Громыхнула сталь, и тут же сделалось тихо. Турки остановились. Кто-то попятился, кто-то закрылся в страхе руками. Высокий офицер развернулся грудью к александрийцам и набычился. Мадатов видел, что ему уже совершенно безразлично, что готовит ему ближайшее будущее. Человек этот просто устал. Устал так, что перестал бояться чего-либо. Даже жизни, а тем более смерти.
— Слушай! — загремел Ланской. — На краул!.. Смирно!..
И отсалютовал саблей, глядя в глаза юзбаши.
Изумлённый Валериан всё же успел повторить приказ командира, вздёрнул саблю перекрестием на уровень подбородка и опустил в сторону по плавной дуге. Единым звуком взвыли трубы и громыхнули литавры.
Турок выпрямился, развернул плечи и неожиданно отдал честь русскому командиру совершенно по-европейски. Потом повернулся и двинулся дальше, стараясь держаться ещё прямее, шагать ещё чётче. И другие уже попытались двигаться более собранно, поднимать голову выше, смотреть осмысленнее и жёстче.
— Полк! — уловил Валериан голос, доносящийся слева, где, он знал, стояли таким же заслоном егеря генерал-майора Земцова. — На краул!..

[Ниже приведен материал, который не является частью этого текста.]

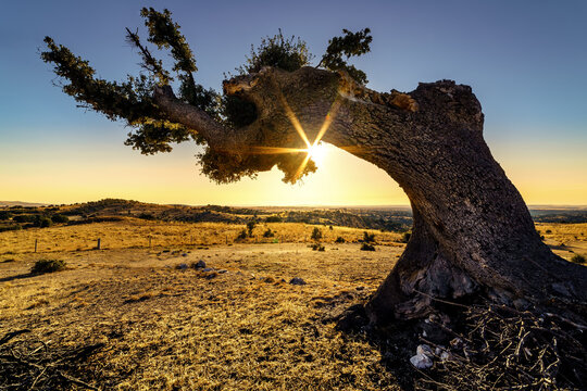 Majestic holm oak trees at sunset creating a magical atmosphere in the countryside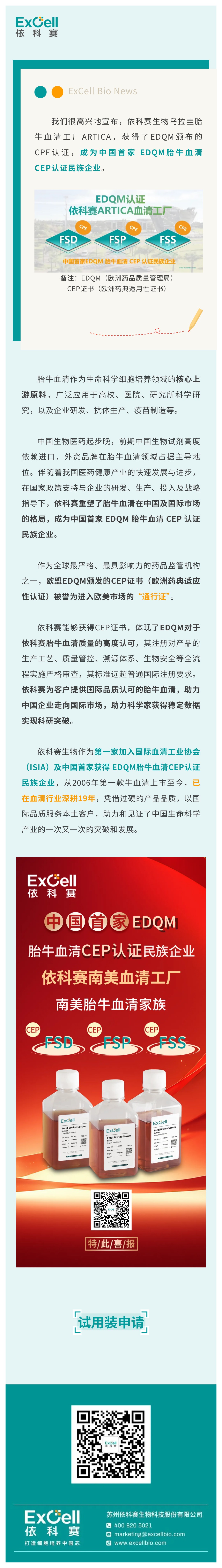 國(guó)際品質(zhì) 本土服務(wù):國(guó)內(nèi)首家獲得EDQM胎牛血清CEP認(rèn)證企業(yè),賦能細(xì)胞培養(yǎng)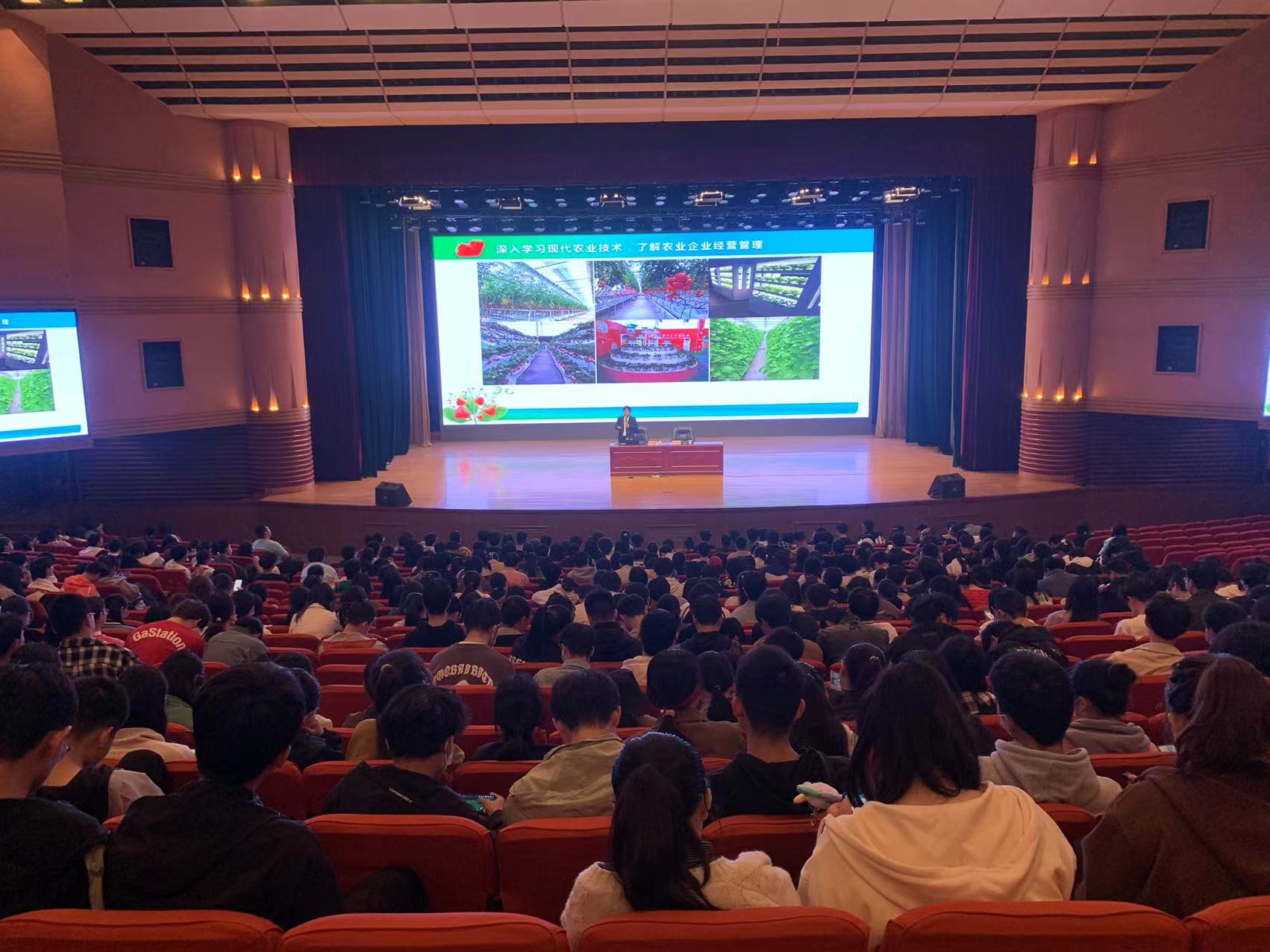 王智豪总经理先向同学们表示了欣慰之情,又从公司简介,大学时光,实习生活,创业历程,草莓产业,成长感悟这六个方面为大家做主题报告。在报告过程中,他也通过自己的实际经历为同学们指明了前进的道路,同时也寄语同学们要静下心来做好自己的事情,要心怀感恩,回报社会,也要明德自强,向上向善。最后,毛书记对此次创业分享报告会进行了总结并与同学们进行了简单的互动,毛书记也殷切期望同学们能够学习王智豪不怕吃苦的精神,成为有理想、敢担当、能吃苦、肯奋斗的有为青年。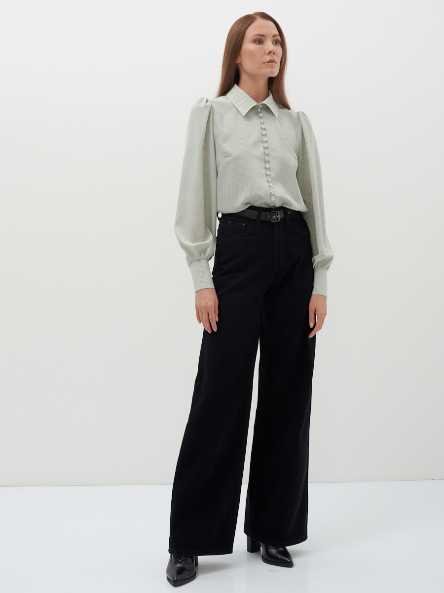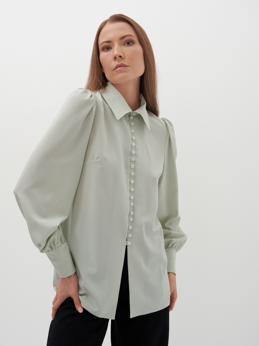 Стильная женская рубашка классического кроя с элементами романтики. Рубашечный воротник на стойке, с застежкой на навесные петли и пуговицы, освежает образ делая его более нарядным и интересным. Длинный рукав на манжете со сборкой и сборкой по плечу, создает эффект фонарика, добавляя легкости и подчеркивая женственность и утонченность. Такая рубашка органично впишется в повседневный, деловой или нарядный лук.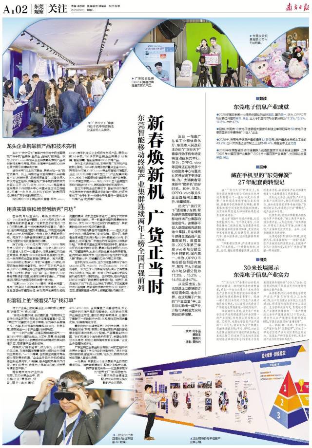 这面墙所呈现的,首先是广东电子信息产业规模连续35年全国第一的产业规模,而东莞正是其核心支撑。2025年,东莞电子信息产业产值超1.1万亿元,对全市工业产值增长贡献率高达81%;华为、OPPO、vivo三大品牌占据国内市场超四成份额;这里还汇聚了13家电子信息相关国家级制造业单项冠军与59家电子信息类国家级专精特新“小巨人”企业,它们共同构成了从基础元件到智能终端的完整产业链。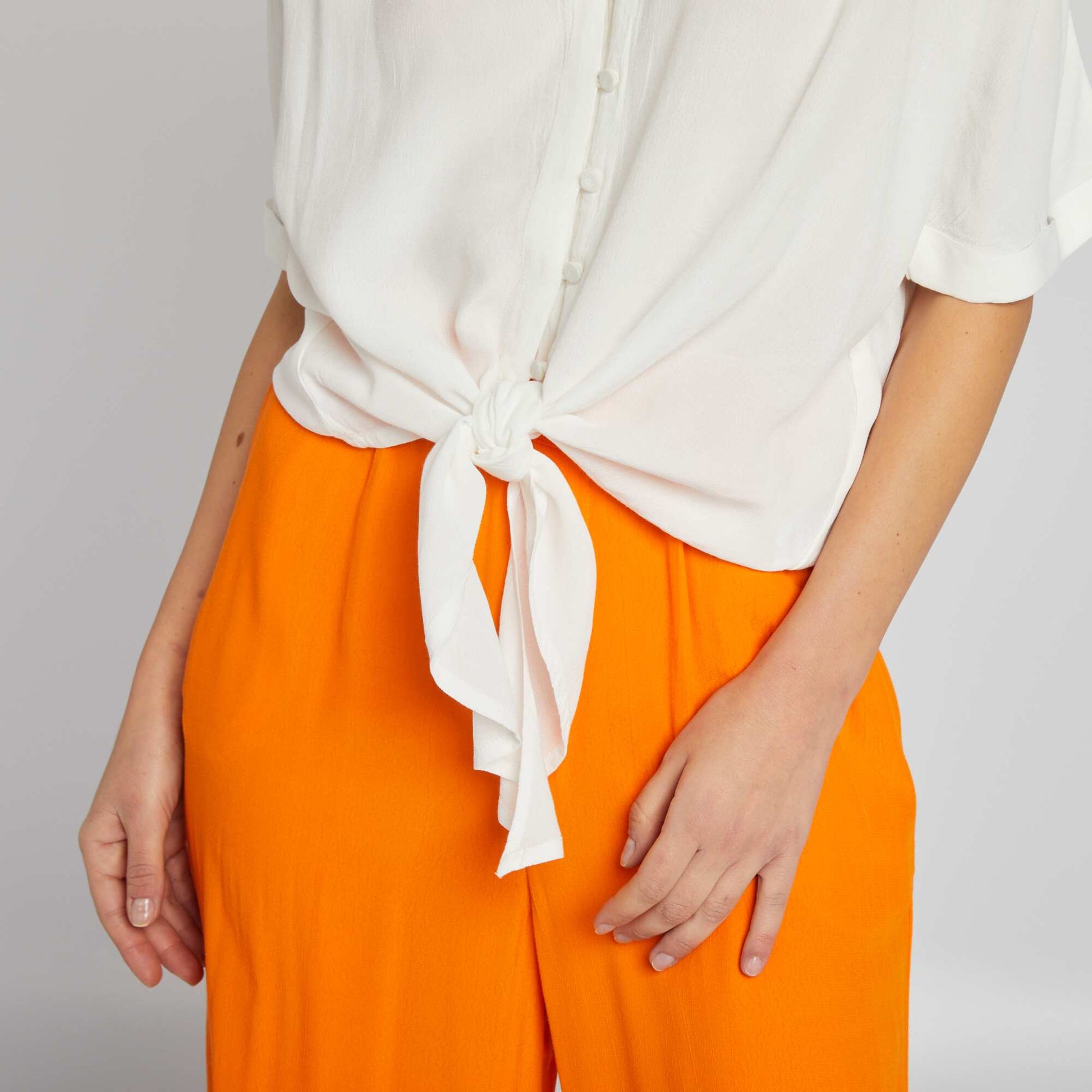 On aime : les diff rents coloris de ce joli chemisier nouer ! - Chemisier manches courtes n ud - Col V - Manches courtes revers - D tails pliss s aux paules - Ouverture boutonn e devant - Base nouer - Couleur unie - Longueur dos : 61 cm environ - Notre mannequin porte une taille M et mesure 1m74

Мимо гусар, егерей, казаков, гренадеров, улан проходили остатки армии Блистательной Порты. Те самые воины, перед которыми несколько веков дрожали страны Азии и Европы. Быстрые, отчаянные рубаки, страшные в нападении, упорные в обороне. Неприятель побеждённый, но не примирившийся. Противник, делавший честь армии, что сумела всё-таки одержать над ним верх...
ГЛАВА ДВЕНАДЦАТАЯ
I
Артемий Прокофьевич Георгиадис приехал к Кутузову рано утром. Командующий принял его в халате, усадил рядом с собой на цветастую оттоманку.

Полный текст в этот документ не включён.